**About this exercise:** Print word for word the first line of the listing below and every line after it, through the line with "Antibody staining in". Leave out the pictures and the rest.

**Given information:**
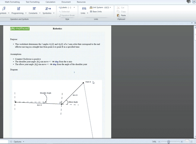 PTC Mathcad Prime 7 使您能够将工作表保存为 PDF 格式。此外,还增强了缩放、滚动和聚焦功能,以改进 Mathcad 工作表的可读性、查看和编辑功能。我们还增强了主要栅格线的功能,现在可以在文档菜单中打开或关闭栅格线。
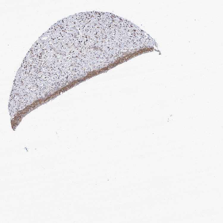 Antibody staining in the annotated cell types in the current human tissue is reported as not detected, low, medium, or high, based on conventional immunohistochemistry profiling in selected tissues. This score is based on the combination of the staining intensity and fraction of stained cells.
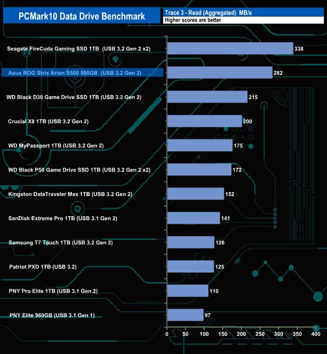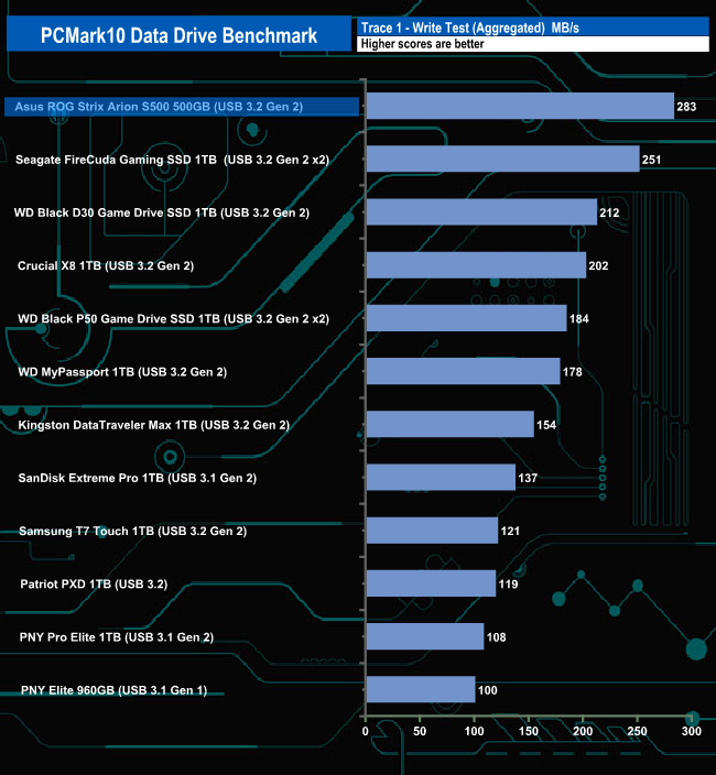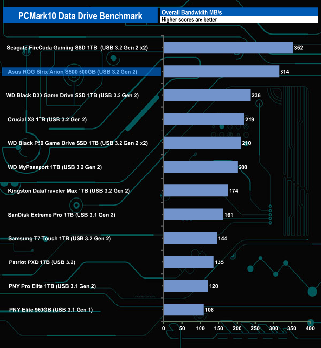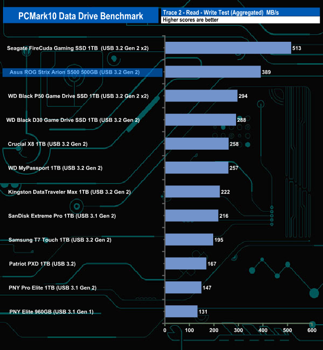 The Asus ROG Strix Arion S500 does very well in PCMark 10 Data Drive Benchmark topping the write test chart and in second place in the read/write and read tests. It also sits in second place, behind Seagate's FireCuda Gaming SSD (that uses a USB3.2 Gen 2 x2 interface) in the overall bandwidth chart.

**Expected output:**
 PTC Mathcad Prime 7 使您能够将工作表保存为 PDF 格式。此外,还增强了缩放、滚动和聚焦功能,以改进 Mathcad 工作表的可读性、查看和编辑功能。我们还增强了主要栅格线的功能,现在可以在文档菜单中打开或关闭栅格线。
 Antibody staining in the annotated cell types in the current human tissue is reported as not detected, low, medium, or high, based on conventional immunohistochemistry profiling in selected tissues. This score is based on the combination of the staining intensity and fraction of stained cells.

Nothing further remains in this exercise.